Argentine-Brazilian social communicator and businesswoman

Isela Costantini (born August 12, 1971, São Paulo, Brazil) is an Argentine-Brazilian social communicator and businesswoman. She was the CEO of Aerolíneas Argentinas from January 2016 until December of the same year.

== Biography ==
Costantini was born on August 12, 1971, in São Paulo, Brazil. She holds a degree in Social Communication from the Pontifical Catholic University of Paraná in Curitiba, Paraná, Brazil. She complemented her studies with a master's degree in business administration from Loyola University Chicago in the United States, specializing in marketing.

Costantini began her career at General Motors Brazil in 1998, in the areas of marketing and sales, strategic marketing, sales forecasting, and brand management. In 2002, she was transferred to the pickup truck plant in Arlington, Texas, as Plant Manager for Chassis.
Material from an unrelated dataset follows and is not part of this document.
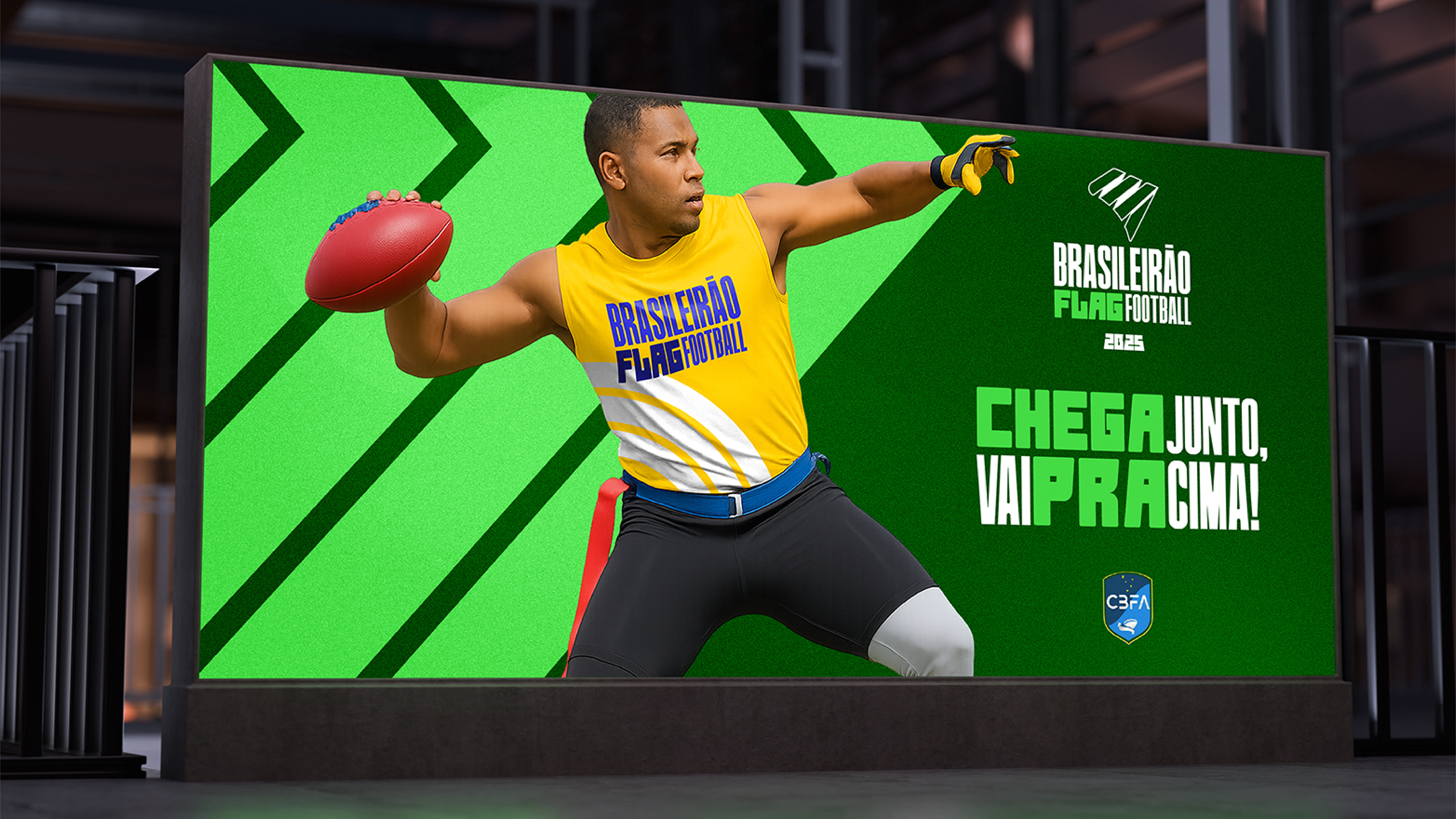 Tive o prazer de desenvolver a identidade visual do Brasileirão de Flag Football, um projeto que uniu movimento, inclusão e paixão pelo esporte em um sistema visual cheio de brasilidade.

She returned to GM Brazil as Program Manager and worked in Market Research, serving as Market Research and Product Planning Executive. She was the regional director of post-sales and customer service at GM South America and president and CEO of General Motors Argentina, Uruguay, and Paraguay. In 2013, she was selected by Fortune magazine as one of the 50 most powerful businesswomen in the world. Costantini also led the Association of Automotive Manufacturers (ADEFA) and was chosen as CEO of the Year in November 2015.

With the arrival of Mauricio Macri to the Presidency of Argentina, Isela Costantini was appointed as president of Aerolíneas Argentinas, replacing Mariano Recalde, but she did not take office until January 2016. In the meantime, the acting president of the airline was Manuel Álvarez Trongé.

Isela Costantini resigned as president of Aerolíneas Argentinas on December 21, 2016.

In 2018, she was awarded a Konex Prize – Diploma of Merit by the Konex Foundation for her career as an Executive in the Industry over the past decade in Argentina.